The males of the Alcelaphus buselaphus are territorial, and defend therefore their range from the other dominating males, sending them away butting them, whilst they greedily welcome the females with which they copulate and try to keep them as much as possible.

The females have a bicornuate uterus and syndesmochorial placenta. The pregnancy lasts an average of 8 months, and they deliver always by the beginning of the rainy season, when there is abundance of trophic resources (new grass) for the mother, who needs vegetal proteins for fabricating the milk, and for the young, who assume also solid food, at times, during the lactation. The deliveries are always single. The mothers, as already seen for other herbivores, nourish of the placenta immediately after the delivery, for two basic reasons, the first to recover dietary minerals and the energies lost during the delivery, the second to avoid that a predator, a lion for instance, can perceive its smell and come closer.

Cubs are integrated into the herd when three weeks old © Giuseppe Mazza

Cubs are integrated into the herd when three weeks old © Giuseppe Mazza

We have to remember that the females just before the delivery get away from the herd, going into the bush, in a zone where the grass, tall, even 3-4 m, hides the mother, the future baby and the possible young born the previous year, which is always with the mother, from the predators.

A few minutes after the birth, once licked the new born (thus eliminating any traceable smell), the young is capable to stand on his feet and suckle the milk. After some hours from the birth, it can already walk and run, but does not join the herd for at least two weeks more, remaining, silently, in the hidden area where it was born, entering in contact with the mother only during suckling, therefore the interaction and the parental cares mother-baby are very reduced.

As most of this period is spent by the young in solitude, as the mother after the delivery has joined again the herd, coming there only for the suckling time, some eco-physiologic adaptations have evolutionarily formed, in order to avoid that the unarmed baby can be discovered by a predator. As a matter of fact, the young stays in silence and practically motionless, moving only when the mother comes for suckling, during the whole day and for all the days which separate it from its integration into the herd, where the mother lives. Its odoriferous glands (orbital and under the horns), will remain inactive till when it will not join the herd, in this way its specific odour will not be perceivable by the predators. By each suckling visit, the mother will lick the urine and eat the faeces that the young has produced, for the same reason.

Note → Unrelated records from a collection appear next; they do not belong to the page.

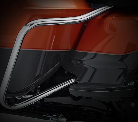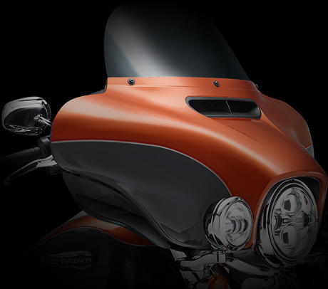 Um dem Fahrtwind Paroli zu bieten, zog Harley-Davidson alle Register: Strömungsmechanik und komplizierte Algorithmen auf Supercomputern sowie die Rückmeldungen von unzähligen Windkanaltests mit Fahrern im Sattel. Danach ging es für Tausende von Meilen hinaus auf die Straße – mit echtem Fahrtwind, echtem Sturm, echtem Nieselregen und echten Wolkenbrüchen. Das Ergebnis: Eine klassische und dennoch vollkommen überarbeitete Batwing Verkleidung, die für eine sanftere Luftumströmung sorgt und die Verwirbelungen im Kopfbereich reduziert. Der neue, auf Tastendruck zu öffnende und zu schließende Luftkanal leistet den größten Beitrag dazu. Das Gefühl im Sattel wird noch besser.
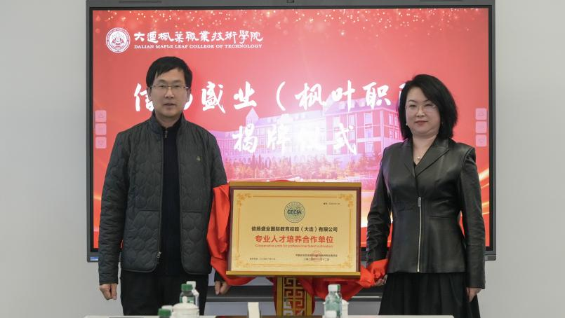 与此同时,大连枫叶职业技术学院院长杨捷与职教委副主任邢梦涵郑重地为《专业人才培养合作单位》揭牌,这一仪式的圆满完成,标志着集团与中国企业文化促进会职教委在校企合作方面达成深度意向。双方均明确表态,将以此次揭牌为契机,全方位、多层次地加强沟通交流与协同合作,全力以赴促进教育事业与产业发展的深度融合与无缝对接。展望未来,双方将在人才培养的摇篮中精耕细作,在科研合作的前沿阵地上携手攻坚,在实习实训的实战舞台上精心打磨,致力于为行业培育出一批又一批高素质、高技能的领军人才,为行业的持续繁荣提供源源不断的智力支持。
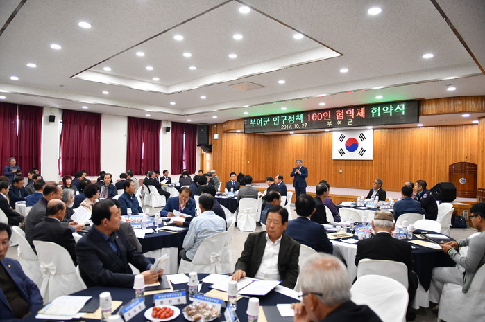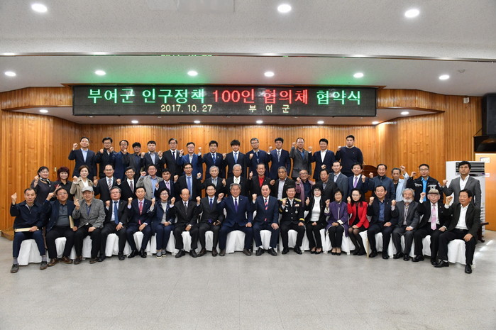 군은 지난 27일 여성문화회관에서 24개 기관장과 32개 관내 기업체, 44개 단체장 등 총100여 명이 참석한 가운데 부여군 인구증가 정책 추진을 위한 민관협의체 구성 및 협약식을 진행했다.
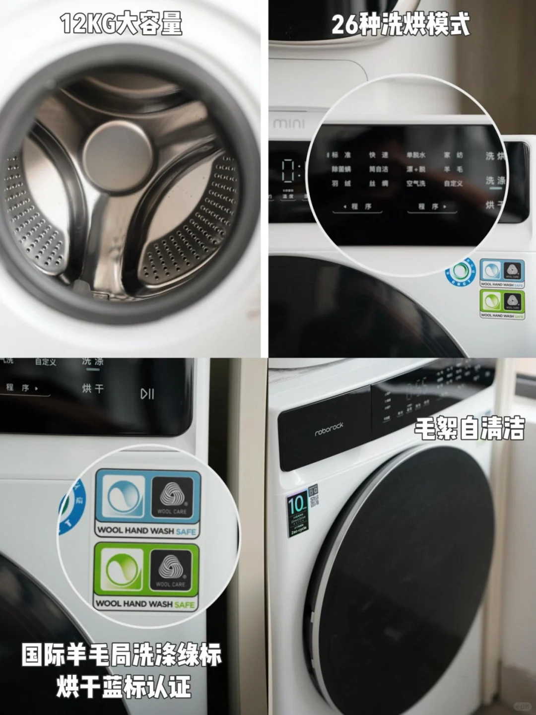 家里用的这台石头分子筛洗烘一体机H1 Air还是很好用的采用了分子筛黑科技,先吸水后烘干,大大提升了烘干效率,就连四件套都可以快速烘干,干到可以直接用,使用过程当中不会有缩水的问题,它可是获得了国际羊毛局的洗涤绿标和烘干蓝标的双认证,羊毛真丝类娇贵的面料衣物都可以在家洗,而且它可以把衣物表层的毛絮什么的都给清理掉,甚至还可以自动清洁毛絮收集盒,特别省心,而且它还搭载了空气洗功能,吃火锅/穿过一两次的外套塞进去,用空气洗就可以把异味洗掉了,有12 kg 的大容量,1家几口的衣服都能够塞进去,清洁又能够高效除菌防螨,能力很强��!除了实用的烘干功能之外。洗衣功能也很强大,有1.1的洗净比,还有特渍洗功能,各种各样的污渍都可以洗的干干净净的,特别省心!

Last physiologic adaptation is represented by (typical for all those species whose offspring shortly after the birth are able to be autonomous in walking) the fact it has the capacity to run away quickly, in case that in spite of all above security systems, it is traced by a predator.

Presently, the population of Alcelaphus buselaphus and its 9 subspecies in which is subdivided, is in constant decrease, reaching so low values that the IUCN has inserted it in the red list of the Threatened Endangered Species.

Cooperating with the CITES and several Zoological Biological Institutes and African, European and American Natural Parks, it is carrying out a series of projects of Taxon Advisory Group (TAG), in charge of the Biology of the Conservation of these animals, in order to avoid their extinction.


Alcelaphus buselaphus buselaphus; Alcelaphus buselaphus caama; Alcelaphus buselaphus cokii; Alcelaphus buselaphus jacksoni; Alcelaphus buselaphus lelwel; Alcelaphus buselaphus lichtensteini; Alcelaphus buselaphus major; Alcelaphus buselaphus swaynei; Alcelaphus buselaphus tora.